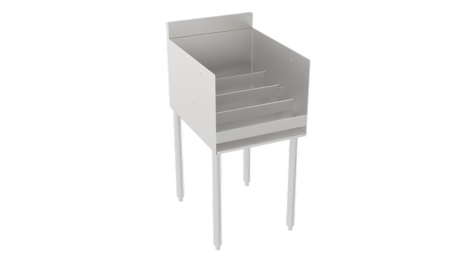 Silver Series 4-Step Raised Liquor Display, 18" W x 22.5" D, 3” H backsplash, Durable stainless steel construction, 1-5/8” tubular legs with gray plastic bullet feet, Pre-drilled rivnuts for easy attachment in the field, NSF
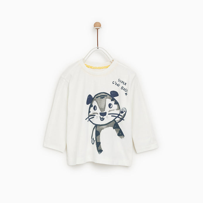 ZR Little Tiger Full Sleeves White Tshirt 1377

· · · ·

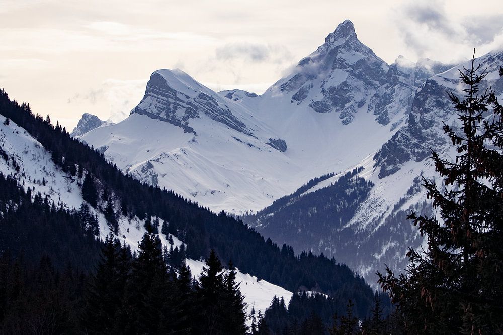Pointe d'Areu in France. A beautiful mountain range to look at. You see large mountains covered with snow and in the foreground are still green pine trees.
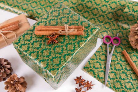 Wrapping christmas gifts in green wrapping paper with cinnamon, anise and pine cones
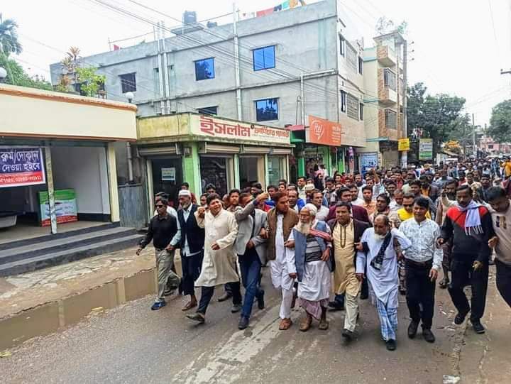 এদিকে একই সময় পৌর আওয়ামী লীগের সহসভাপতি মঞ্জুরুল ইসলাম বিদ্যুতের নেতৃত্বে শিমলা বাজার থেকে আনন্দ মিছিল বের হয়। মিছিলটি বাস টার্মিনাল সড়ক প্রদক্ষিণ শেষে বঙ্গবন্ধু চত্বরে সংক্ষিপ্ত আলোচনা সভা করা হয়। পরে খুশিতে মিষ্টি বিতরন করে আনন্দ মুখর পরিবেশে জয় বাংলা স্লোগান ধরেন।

· · · ·

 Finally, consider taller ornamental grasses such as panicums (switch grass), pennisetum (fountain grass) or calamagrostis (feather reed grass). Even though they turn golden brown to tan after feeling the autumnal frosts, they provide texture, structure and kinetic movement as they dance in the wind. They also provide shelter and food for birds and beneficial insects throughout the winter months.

· · · ·

* _Exercise directions_
Reproduce the listing above from the line that holds "Silver Series 4-Step" through the line that holds "ZR Little Tiger", both included, with the pictures left out.

* _Problem solution_
 Silver Series 4-Step Raised Liquor Display, 18" W x 22.5" D, 3” H backsplash, Durable stainless steel construction, 1-5/8” tubular legs with gray plastic bullet feet, Pre-drilled rivnuts for easy attachment in the field, NSF
 ZR Little Tiger Full Sleeves White Tshirt 1377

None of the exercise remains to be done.